Both share the same parameters. For regex_patterns, each entry in allow and deny is a regular expression string. For url_patterns, each entry is a URL pattern object.
| Field | Type | Required | Default | Description |
|---|---|---|---|---|
allow | list of regex strings or URL patterns | no | none | Patterns a URL may match to be admitted. |
deny | list of regex strings or URL patterns | no | none | Patterns that reject a URL. |
default_allow | boolean | no | false | Whether a URL matching neither list is admitted. |
filters:
- kind: regex_patterns
params:
allow:
- https://example\.com/docs/.+
deny:
- https://example\.com/docs/changelog/.+
- kind: url_patterns
params:
allow:
- hostname: example.com
pathname: /docs/*URL pattern
A url_patterns entry matches against individual parts of a URL. Only the components you set are matched; the rest are ignored.
| Field | Type | Required | Default | Description |
|---|---|---|---|---|
protocol | string | no | none | Match the URL scheme, such as https. |
username | string | no | none | Match the userinfo username. |
password | string | no | none | Match the userinfo password. |
hostname | string | no | none | Match the host. |
port | string | no | none | Match the port. |
pathname | string | no | none | Match the path. |
search | string | no | none | Match the query string. |
hash | string | no | none | Match the fragment. |
base_url | string | no | none | A base URL that relative pattern components are resolved against. |
max_depth
Admits a URL only if it is within a given link distance of the seeds.
| Field | Type | Required | Default | Description |
|---|---|---|---|---|
max_depth | integer | yes | none | The maximum depth, counted in links from a seed, that a URL may be admitted at. |
filters:
- kind: max_depth
params:
max_depth: 3recrawl
Controls whether a URL that has already been seen may be admitted again.
| Field | Type | Required | Default | Description |
|---|---|---|---|---|
allow | boolean | no | none | Whether already-seen URLs may be re-admitted. |
scope | local or global | no | none | Whether "already seen" is judged within this run (local) or across all runs (global). |
minimum_delay | duration | no | none | The minimum time that must pass before a seen URL is re-admitted. |
exclude_roots | boolean | no | none | Whether root URLs are excluded from recrawl handling. |
exclude_path_depth | integer | no | none | A path depth below which URLs are excluded from recrawl handling. |
filters:
- kind: recrawl
params:
allow: true
scope: global
minimum_delay: 24hrobots_txt
Rejects URLs that a site's robots rules disallow.
| Field | Type | Required | Default | Description |
|---|---|---|---|---|
cache_ttl | duration | no | none | How long a fetched robots ruleset is cached before being refetched. Durations are written like 30s, 1h. |
filters:
- kind: robots_txt
params:
cache_ttl: 1hbudget
Caps how many URLs are admitted per a chosen dimension.
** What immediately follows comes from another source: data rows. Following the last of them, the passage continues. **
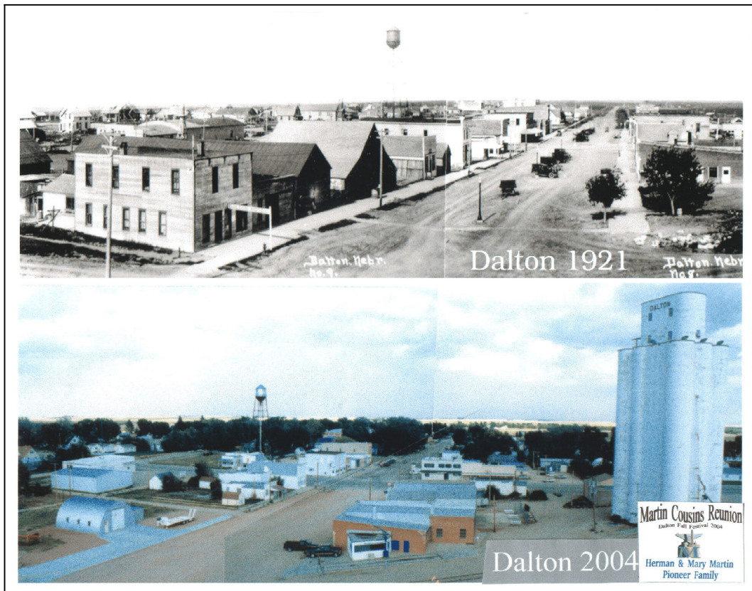
Comparative pictures of Dalton, looking from the west down Main Street. The top photo shows Dalton in 1921, the lower photo is how Dalton looked in 2004 during our reunion.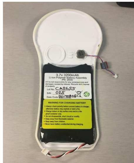
Bottom Case Assembly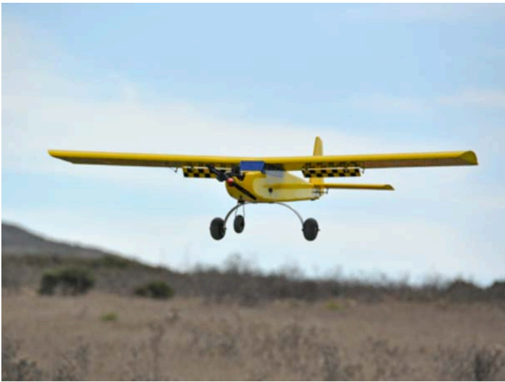
Perfect example, a little more Tai Chi would have prevented this perfect "dead stick" landing!!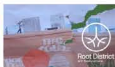
The North Loop Root District: art, food, culture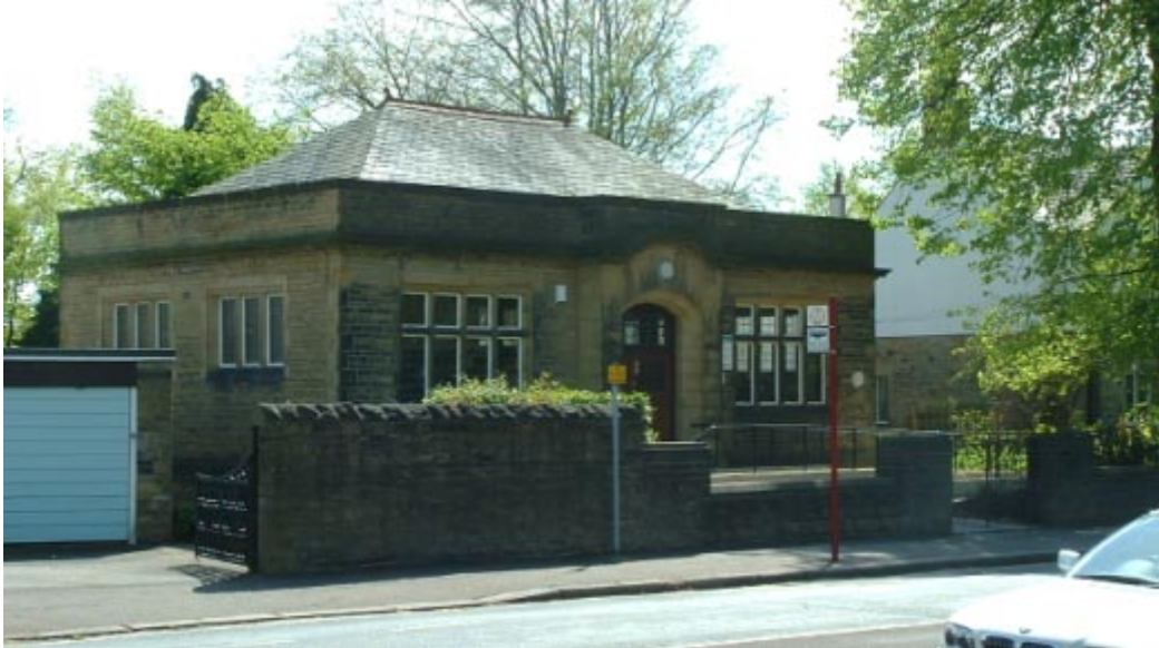
Skircoat Green Library, Skircoat Green Road

Built in 1926 of coursed stone, with a parapet surrounding a blue slate hipped roof with terra cotta ridge tiles and finials, this was the first purpose built library building in Halifax.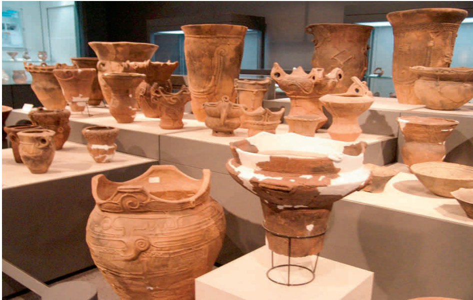
Fig. 1: Jomon pottery from central Honshu, Japan.

(e.g. ducks), fishes (e.g. carp and salmon), and shellfish (e.g. clams and oysters) that were easily exploited from the shore, or by netting, trapping, and by canoe (Seguchi 2009). Their homes were typically small, circular (10-12 feet / three-four meters in diameter) semi-subterranean pit houses with floors dug a few feet (ca. one meter) beneath the surface of the ground and could house four to six people (although exceptionally large examples could hold many more). The houses contained excavated pits for storing food and other goods and often had central hearths for cooking and heat in winter months (Fig. 2). The walls and roof were thatched and anchored to wooden poles. Most archaeological sites contain four to five houses arranged in a circle and facing a small central plaza, often representing a small population of 30 to 40 people.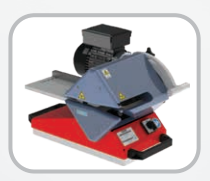
Ply 130™ Ply Separator: The robust design allows for quick, effortless, and precise ply separation on thermoplastic belts even extremely thin or difficult belts.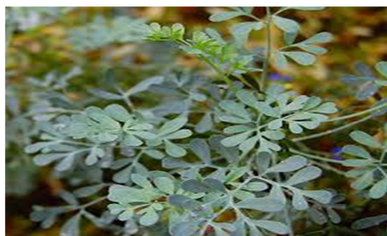
Fig. 2. R. graveolens growing plant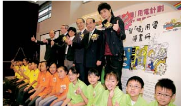
The Smart Power Campaign promotes energy efficiency and conservation.

The Australian electricity distribution businesses in South Australia and Victoria achieved good financial and operational performance in 2006, exceeding financial targets. Both revenue and demand in the businesses increased during the year.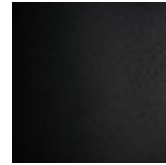
GFM73 матовый с тиснением черного цвета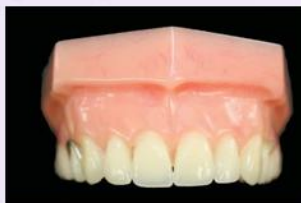
Wrought Wire vs Itsoclear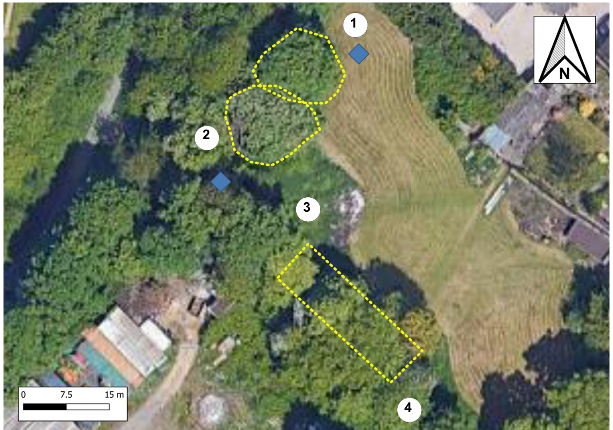
Figure 3: Surveyor locations (circled white) Infra-red camera locations (blue diamonds).

2.6.1.3 Overall, it is considered that there were no significant constraints to achieving the purpose of the assessment.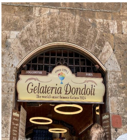
Best Gelato Italy 2024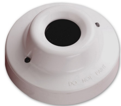
Illustration shows Triple IR Flame Detector

The triple IR flame detector is also fast reacting but is also tolerant of fumes, vapours, steam, dust and mist, while being unaffected by the phenomena listed above. It may, however, be affected by modulated IR radiation. Triple IR flame detectors are used in waste handling, colour printing and paper manufacturing.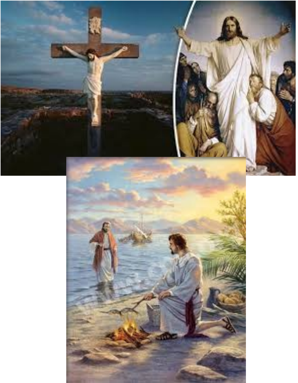
The First Christian BarBeQue with the Risen Lord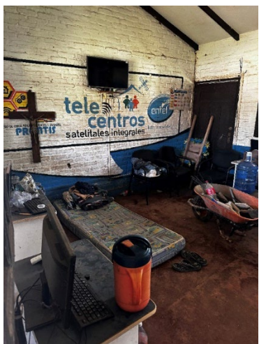
Picture 12: Right - Subcontractor workers' accommodation in Nuevo Horizonte (San José de Chiquitos) school classroom shown to the Panel by the community.

293. In September 2023, the Panel observed that most of the worker contract issues raised in the Request had been addressed in the communities it visited. Workers employed directly by the Contractor told the Panel that ongoing contracts had replaced their previous, back-to-back short-term contracts. They considered this a major improvement in their working conditions, especially since most of them said they were now paid regularly – every 15 days. Most of the Contractor workers with whom the Panel spoke claimed they now have access to benefits, such as health care, hygiene kits, and replacement PPE. A few community members explained to the Panel that their medical coverage is only valid in Santa Cruz. All of them said they had signed the CoC and have received SEA/SH training.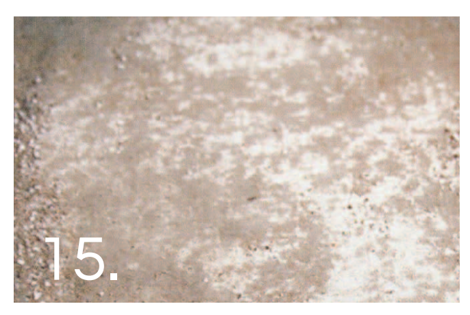
Leave Colour Hardener to soak up the water from the screed.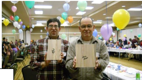
Showing off their autographs on pieces of board they got to "karate chop" in half!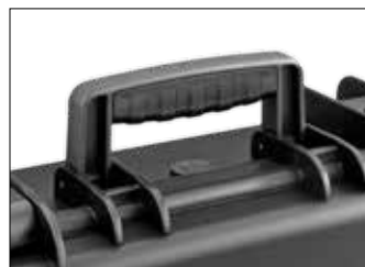
Ergonomically formed two-component handle with soft insert for a comfortable carrying.

In addition to that the new Outdoor Case offers various options: It is besides the black or yellow standard version also available in other colors with detachable hinges* for the removable lid. Furthermore we supply a pick & plug foam, a padded divider, a carrying strap, a lid pocket, and a back-pack system. The interior is shapeable as well.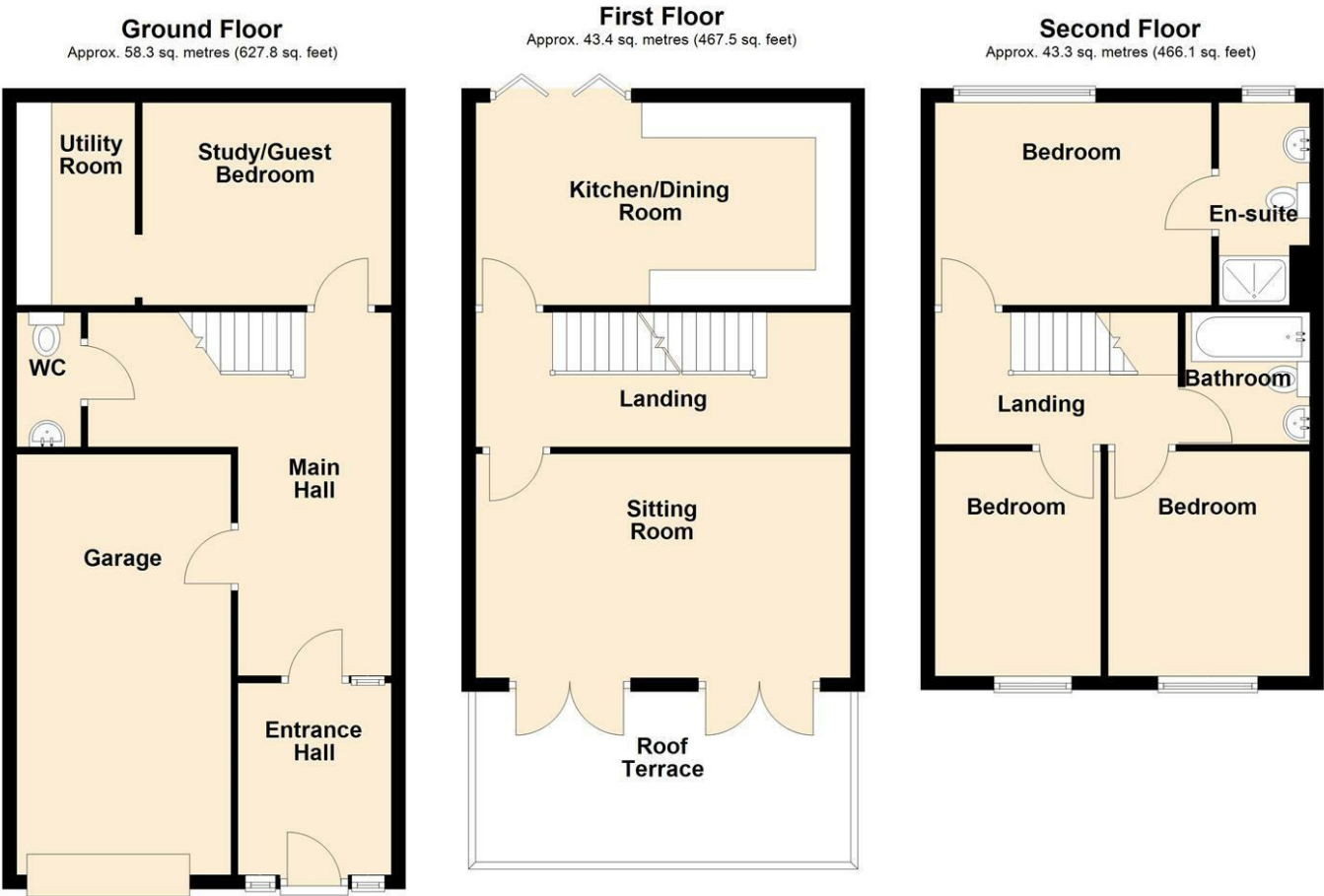
25 The Rise, Southwell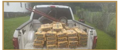
Cement for weight making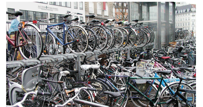
Nearly 30 percent of Dutch commuters always travel by bicycle, and an additional 40 percent sometimes bike to work.

Reshaping the relationship between people and their carbon-intensive lifeways entails a shift in habitus, and anthropology is the appropriate discipline to both document and support such transitions.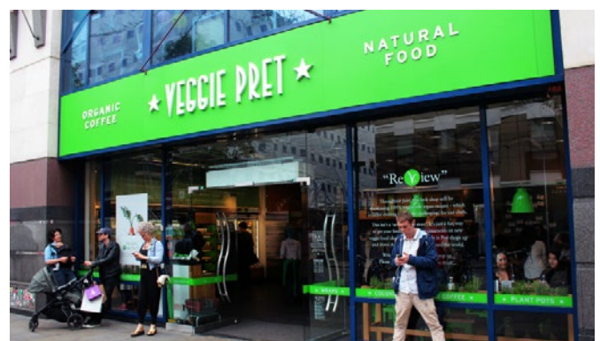
Sales at a London Pret A Manger rose up to 70% when a meat-free menu was trialed.

already paying attention to this trend and responding. For example, in summer 2016 Pret A Manger actively promoted a flagship store in the UK focused solely on meat-free and plant-based lunch options but branded ‘not just for veggies’ – the innovation paid off, with comparative sales at the branch reportedly up 70%. 49

| Field | Type | Required | Default | Description |
|---|---|---|---|---|
by | host | yes | none | The dimension the budget is counted against. |
limit | integer | yes | none | The maximum number of URLs admitted per dimension value. |
filters:
- kind: budget
params:
by: host
limit: 1000url_labels and host_labels
Admit or reject based on labels attached to the URL itself (url_labels) or to its host (host_labels). This lets labels written during one crawl steer a later one.
Both share the same parameters:
| Field | Type | Required | Default | Description |
|---|---|---|---|---|
allow | map of string to string | no | none | Labels a URL or host must carry to be admitted. |
deny | map of string to string | no | none | Labels that reject a URL or host. |
filters:
- kind: url_labels
params:
deny:
skip: "true"interleave
Mixes URLs from different hosts together in the queue rather than draining one host before the next, which spreads load across hosts.
| Field | Type | Required | Default | Description |
|---|---|---|---|---|
shuffle | boolean | no | none | Whether to shuffle the interleaved order. |
filters:
- kind: interleave
params:
shuffle: true